“Positions” Handmade Ink and Acrylic on mulberry/bamboo paper, 100 x 70cm, 2010
For this painting I looked at reference photos from Wanchai’s brothel district in the early 20th century. Women worked behind traditional wooden doors like this one. Each door had a big number on it, so they were called “Big Number Brothels”. Symbols painted on the lanterns were for good luck; you can see what looks like the number “8″ on two of them.
Ten years before I moved to Hong Kong I dreamt I lived there. I was standing on a promenade facing a smoggy maritime landscape of rolling islands and slapping sea. It was the ferry pier to my island home. I’d never particularly thought about Hong Kong before. But I had heard about Suzie Wong: the bad girl with a golden heart who’d seduced a lonely artist in a seedy Hong Kong hotel. I’d fondled polyester imitations of the Suzie Wong dress in NYC’s Canal Street. It’s a western fantasy ripe for ridicule by the likes of Margaret Cho and the ladies over at Disgrasian.com.
The story was so popular that it was turned into a film, and the transformations began: an artist changed from British to American for an American audience. The plot simplified. Suzie was played by Nancy Kwan – not a local girl, but a London ballet dancer with an English mother and Chinese father. Today the fantasy lives on, reincarnated worldwide: there’s a Suzie Wong girlie bar in Singapore with pole-dancers from the Philippines, others in Phuket and Beijing and Bangkok’s Soi Cowboy, an events service and bar in New York, even a restaurant in London called Suzie Wong’s.

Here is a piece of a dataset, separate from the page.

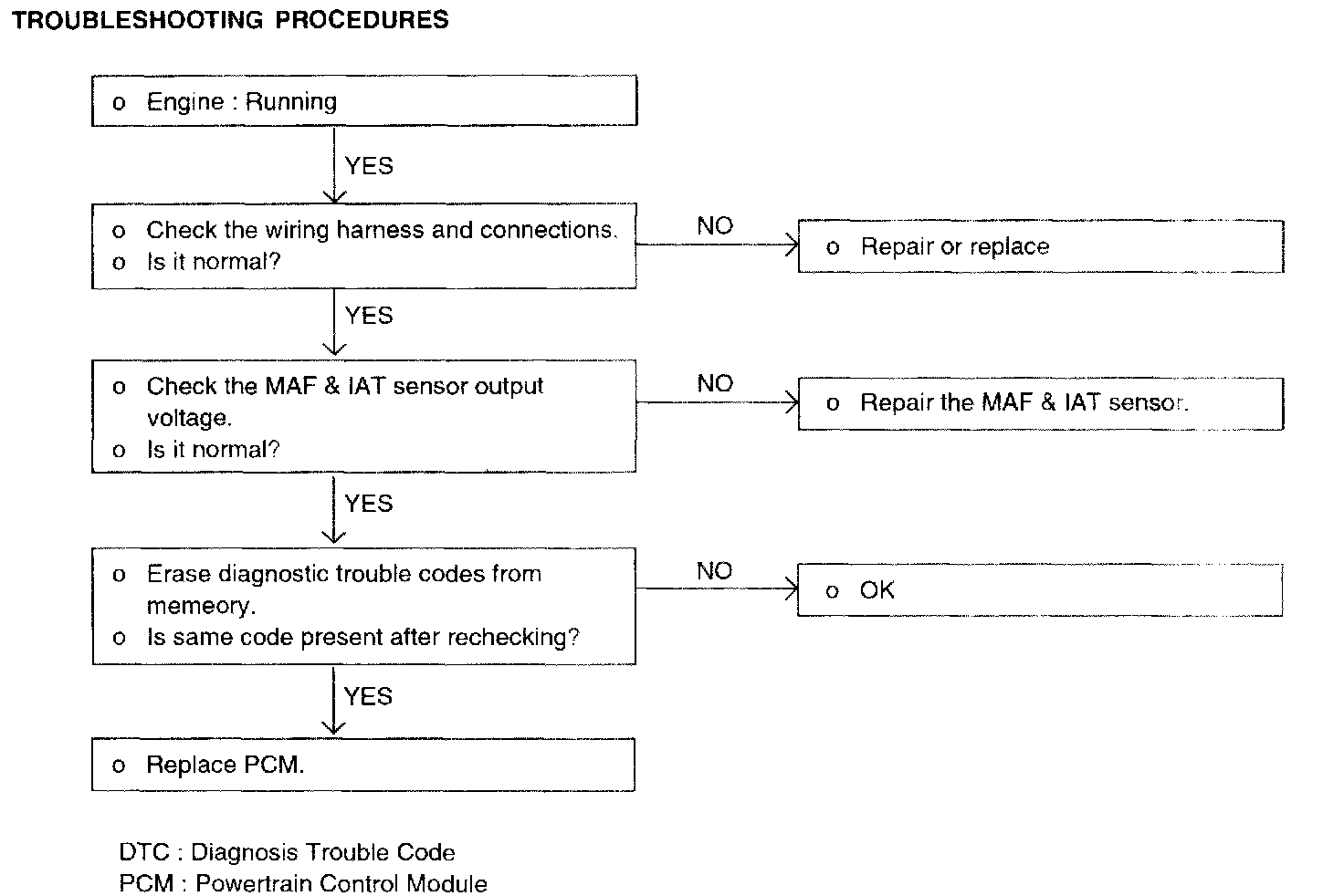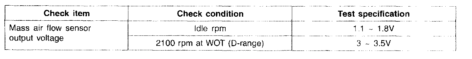 3. If the engine can idle even if the MAF sensor output voltage is out of specification, check for the following conditions;

Plenty of sailors and tourists still come to Hong Kong today and visit girlie bars in Wanchai, the notorious setting for the film. But you won’t find women from Hong Kong working there anymore. You’re more likely to hear accents from Thailand, the Philippines, and Indonesia.
Hong Kong women have higher levels of education and live longer than American women these days. The most formidable businesswomen I’ve ever met have Hong Kong roots. They’ve moved on up from the Suzie Wong days. Eventually, maybe our western attitudes will too.




Well, from the perspective of today, the Suzy Wong story is kinda dumb and sweet. I love it where Robert Lomax (William Holden) gets off the President McKinley at Ocean Terminal and there are no shops or advertisements. The (Catholic) Legion of Decency gave it the Condemned rating such that it was a Mortal Sin to see it, but today it seems quite Moral and Improving.
That was probably before your time. The best thing about the Legion of Decency (not to be confused with the Iron Guard) was the essays printed in our parish newsletter on film. They showed an insight orthogonal to Hollywood which was refreshing in the Disneyland Desert of the late 1950s. And you could still go see the sexy film, and confession right after. Blessed me faddah for I have sinned, I saw a pitcher of a hot goil and I liked it. Didja deliberately entertain da thought? Gee, yeah faddah. OK, say twenny Hail Marys and pray for me. Gwan, scram, go in peace.